The Constitutions also contained innovations in procedures. Thomas J. McSweeney in his article Magna Carta and the Right to Trial in Magna Carta: Muse & Mentor points out that clause 9 represented a new procedure for handling disputes between clergy and laity about land ownership when the church contended the land had been donated to them (free alms). Henry decided that in cases where there was a dispute as to whether land had been donated to the church should be heard in the royal court: “If a dispute shall arise between a clerk and a layman or between a layman and a clerk, in respect to any holding which the clerk desires to treat as free alms but the layman as lay fee, it shall be determined by the recognition of twelve lawful men through the deliberation, the presence of the king’s chief justice, whether the holding pertains to free alms or to lay fee.” Mr. McSweeney argues that Henry would have had a number of possible inspirations for the use of a jury to help determine the facts in a case – both from Anglo-Saxon and Norman precedents.

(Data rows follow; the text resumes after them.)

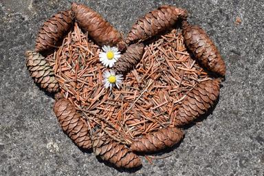 Keywords: heart love valentine's day background image tap pine cones pine needles needles romantic nature rustic trust feelings characters symbol mother's day
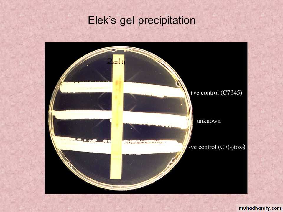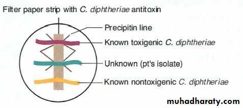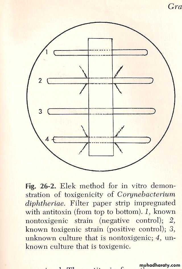 disk has precipitated the toxin diffusing from toxigenic cultures and has resulted in precipitin bands between the disk and the bacterial growth.
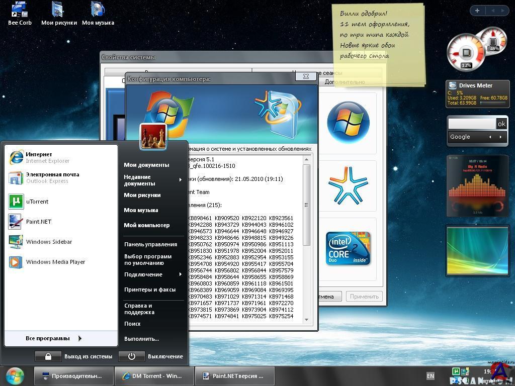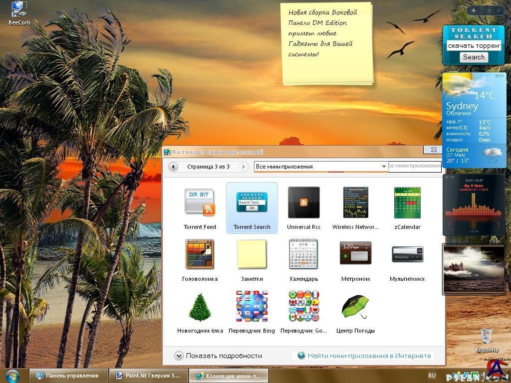 19. Боковая панель в стиле Windows 7, сборка 6.0.6003.20103 от 5.09.2010. В комплект включены самые часто используемые гаджеты для повседневной работы с расчетом на серфинг интернет и мультимедиа. Вы можете самостоятельно удалять и добавлять любые гаджеты.
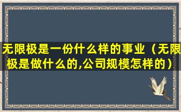 无限极是一份什么样的事业(无限极是做什么的,公司规模怎样的)
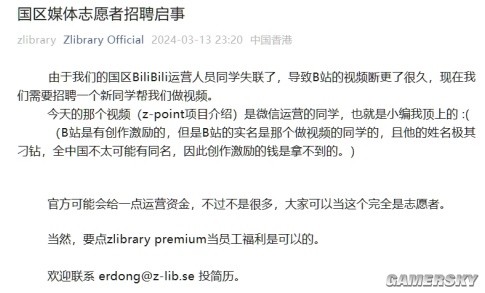 事件的起因要追溯到上个月13号,Z-Library官方微信发布的一则平平无奇的简短声明。在公告中,他们表示自己的B站运营“失联”了,想要招聘一个新的B站运营。
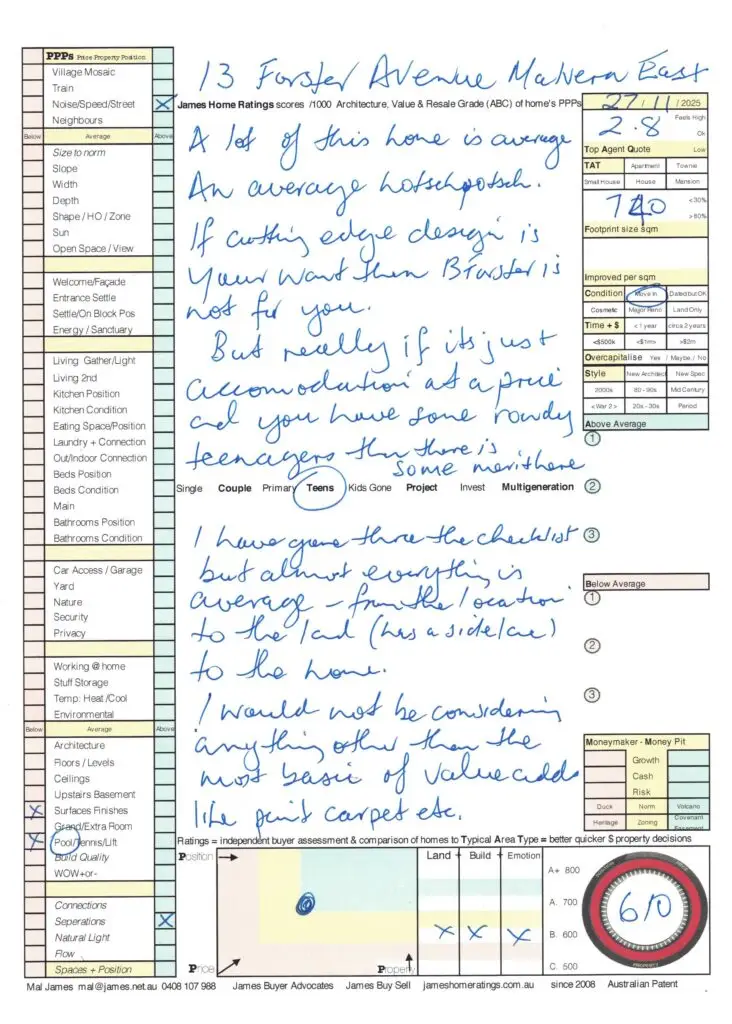 James Home Ratings is a 25 year old, patented, 1500 buy/sells plus 1,000-point scoring system based on the 3 critical drivers of long-term property value:

The introduction to the Constitutions also states that the customs listed in the document have been recognized by various archbishops, bishops, counts and barons and other elders of the kingdom. Thomas Archbishop of Canterbury is listed as one who recognized the customs listed in the Constitutions. This was not the case. After an acrimonious meeting with the king in October 1164, Thomas fled to the continent, appealing to the pope and French king for help in his quarrel with Henry. Thomas did not return again to England until December 1, 1170 and 29 days later he was murdered in his cathedral at Canterbury. However, the Constitutions largely survived. The controversy between king and pope was settled by the Compromise of Avranches which absolved Henry from responsibility for Thomas’s murder; provided for the free appeal of cases to Rome (clause 4); and the promise by Henry that he would ‘abolish all evil customs prejudicial to church which he had instituted.’ It did not however, specify which were the evil customs and the use of a grand jury to investigate land disputes remained in place.